Our study used the bolus injection technique. General linear mixed model demonstrated that there is no statistical difference of ECV values from 8.5 minutes. Between 8.5 to 23.5 minutes, the ECV differences between consecutive time points were less than 3%. This difference is significantly less than the coefficient of variation for our average ECV value. Compared to previous reports, our results suggest that the gadolinium concentration could reach dynamic equilibrium between plasma and myocardium as early as 8.5 minutes. Combining our results with those of Schelbert et al [7], ECV is stable in normal volunteers from 8.5 to 50 minutes after bolus contrast injection. Our findings permit considerable flexibility for incorporating ECV into routine CMR work flow. A limitation of both this study and Schelbert's study is that there is a lack of substantial data for subjects with cardiac disease. Diseased subjects may have areas of severe fibrosis/scarring or cardiac dysfunction. Either of these conditions could delay the time to reach steady-state equilibrium. Further testing in patients with severe fibrosis and reduced ejection fraction should be done to verify whether continuous infusions can be fully replaced by the single-bolus approach in clinical settings.

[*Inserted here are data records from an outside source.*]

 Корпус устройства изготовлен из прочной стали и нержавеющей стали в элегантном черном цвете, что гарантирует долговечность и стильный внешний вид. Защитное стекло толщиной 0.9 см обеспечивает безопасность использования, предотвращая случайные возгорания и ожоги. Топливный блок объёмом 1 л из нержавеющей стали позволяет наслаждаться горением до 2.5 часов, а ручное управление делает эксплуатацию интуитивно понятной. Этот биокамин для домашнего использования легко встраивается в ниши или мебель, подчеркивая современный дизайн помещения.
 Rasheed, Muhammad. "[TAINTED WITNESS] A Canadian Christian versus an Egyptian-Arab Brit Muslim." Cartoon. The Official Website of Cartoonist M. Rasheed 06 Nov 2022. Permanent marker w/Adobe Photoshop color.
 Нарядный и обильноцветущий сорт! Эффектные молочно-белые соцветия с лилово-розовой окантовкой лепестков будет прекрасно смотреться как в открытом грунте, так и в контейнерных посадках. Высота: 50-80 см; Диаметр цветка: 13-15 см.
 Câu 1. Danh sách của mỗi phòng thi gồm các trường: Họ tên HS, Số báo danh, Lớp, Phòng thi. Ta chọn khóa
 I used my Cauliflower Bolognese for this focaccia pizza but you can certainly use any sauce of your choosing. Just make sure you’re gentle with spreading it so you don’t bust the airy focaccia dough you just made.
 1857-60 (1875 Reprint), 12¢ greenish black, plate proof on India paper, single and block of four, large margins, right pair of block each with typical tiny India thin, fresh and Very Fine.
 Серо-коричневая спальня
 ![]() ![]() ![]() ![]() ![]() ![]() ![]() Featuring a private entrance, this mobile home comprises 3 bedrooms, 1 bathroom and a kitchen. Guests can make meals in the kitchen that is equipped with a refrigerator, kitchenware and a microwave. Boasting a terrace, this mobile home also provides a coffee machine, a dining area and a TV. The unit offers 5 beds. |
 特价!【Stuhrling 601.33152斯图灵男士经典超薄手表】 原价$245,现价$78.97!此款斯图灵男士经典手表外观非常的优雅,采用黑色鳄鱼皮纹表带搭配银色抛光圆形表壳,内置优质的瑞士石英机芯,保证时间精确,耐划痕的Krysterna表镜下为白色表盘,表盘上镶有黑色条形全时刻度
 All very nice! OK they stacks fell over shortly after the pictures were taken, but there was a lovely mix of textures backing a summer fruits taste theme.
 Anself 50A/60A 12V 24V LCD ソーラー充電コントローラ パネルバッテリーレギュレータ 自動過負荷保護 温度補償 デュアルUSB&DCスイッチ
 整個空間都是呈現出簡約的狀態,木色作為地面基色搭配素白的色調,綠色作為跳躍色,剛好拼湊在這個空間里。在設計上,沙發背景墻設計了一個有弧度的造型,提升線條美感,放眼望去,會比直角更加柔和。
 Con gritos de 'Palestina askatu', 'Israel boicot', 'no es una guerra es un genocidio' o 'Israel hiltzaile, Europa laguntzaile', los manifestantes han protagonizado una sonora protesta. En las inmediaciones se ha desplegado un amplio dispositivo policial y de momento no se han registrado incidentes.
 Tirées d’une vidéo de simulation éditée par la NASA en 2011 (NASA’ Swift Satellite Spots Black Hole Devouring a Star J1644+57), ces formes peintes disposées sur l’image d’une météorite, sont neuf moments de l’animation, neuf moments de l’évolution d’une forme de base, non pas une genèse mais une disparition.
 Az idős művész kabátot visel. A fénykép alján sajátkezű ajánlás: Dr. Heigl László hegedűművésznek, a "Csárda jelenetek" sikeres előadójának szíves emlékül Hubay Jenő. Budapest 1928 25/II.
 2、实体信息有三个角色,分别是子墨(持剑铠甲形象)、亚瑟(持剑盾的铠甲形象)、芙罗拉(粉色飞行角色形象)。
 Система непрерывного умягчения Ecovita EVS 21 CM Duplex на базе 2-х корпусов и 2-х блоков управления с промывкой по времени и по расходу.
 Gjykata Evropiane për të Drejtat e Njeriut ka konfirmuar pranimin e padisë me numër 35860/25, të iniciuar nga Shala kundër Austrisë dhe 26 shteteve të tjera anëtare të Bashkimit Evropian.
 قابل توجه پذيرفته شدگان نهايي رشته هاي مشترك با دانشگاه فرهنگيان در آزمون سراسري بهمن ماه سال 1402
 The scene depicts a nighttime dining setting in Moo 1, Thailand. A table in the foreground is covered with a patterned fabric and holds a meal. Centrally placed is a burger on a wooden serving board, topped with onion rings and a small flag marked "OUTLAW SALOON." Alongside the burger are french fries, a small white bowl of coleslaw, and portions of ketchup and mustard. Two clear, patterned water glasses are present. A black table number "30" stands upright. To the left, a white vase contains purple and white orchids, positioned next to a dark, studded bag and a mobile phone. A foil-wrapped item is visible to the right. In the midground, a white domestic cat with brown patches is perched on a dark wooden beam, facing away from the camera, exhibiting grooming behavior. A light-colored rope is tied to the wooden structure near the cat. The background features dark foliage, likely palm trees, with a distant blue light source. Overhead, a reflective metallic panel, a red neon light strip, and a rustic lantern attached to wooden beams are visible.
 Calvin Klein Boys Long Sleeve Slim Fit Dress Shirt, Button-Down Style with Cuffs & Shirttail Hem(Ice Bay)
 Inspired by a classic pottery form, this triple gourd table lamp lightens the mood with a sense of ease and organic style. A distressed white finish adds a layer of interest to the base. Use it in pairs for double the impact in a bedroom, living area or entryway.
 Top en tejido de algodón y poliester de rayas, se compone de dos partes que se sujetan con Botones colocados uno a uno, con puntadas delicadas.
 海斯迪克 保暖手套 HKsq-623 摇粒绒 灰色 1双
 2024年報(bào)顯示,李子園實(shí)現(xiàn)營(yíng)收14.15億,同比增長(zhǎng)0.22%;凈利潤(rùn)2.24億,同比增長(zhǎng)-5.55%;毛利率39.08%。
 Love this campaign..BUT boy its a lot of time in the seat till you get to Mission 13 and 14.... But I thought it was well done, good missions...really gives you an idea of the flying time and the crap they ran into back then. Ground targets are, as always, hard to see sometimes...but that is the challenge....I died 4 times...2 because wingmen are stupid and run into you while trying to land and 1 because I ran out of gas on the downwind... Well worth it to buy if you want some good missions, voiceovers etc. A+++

T1 values are affected by confounding variables such as field strength, gadolinium contrast type and dose, scanning time and the patient's renal function. Due to these factors, T1 times cannot be readily compared to T1 data from other centers. In contrast, ECV is an inherent physiological property that should not be affected by these variables. The ECV data of normal volunteers from our study at 3T (26.7%) slightly higher than the "fibrosis index" of normal volunteers reported by Broberg et al [9] (24.8%) and the Ve quantified by Schelbert et al [7] after the Ve value was converted into comparable ECV values (24.1%). The higher ECV seen in this study might be an effect of relatively stronger shortening of the longer pre-contrast blood T1 at 3T as compared to that at 1.5 T. In addition, Both Broberg and Schelbert's study used protocols significantly different from the protocol used in our study.


In conclusion, we have validated MOLLI sequences at 3T in phantom studies. We present values for myocardial and blood T1 pre and post gadolinium contrast at 3T. At 3T, post-gadolinium ECV is stable between 8.5 and 23.5 minutes after gadolinium injection.


There are several limitations to this study. This studied had a small number of subjects with varying ages and genders. Only a single contrast agent was used for this study. There is no direct comparison to EQCMR or ShMOLLI. There is no repeatability analysis with intra and inter-observer variability. Only the mid-cavity ventricular slice was taken and the mean T1 for the entire myocardium was used. There may be some variations in T1 and ECV in the basal, apical, septal and lateral walls.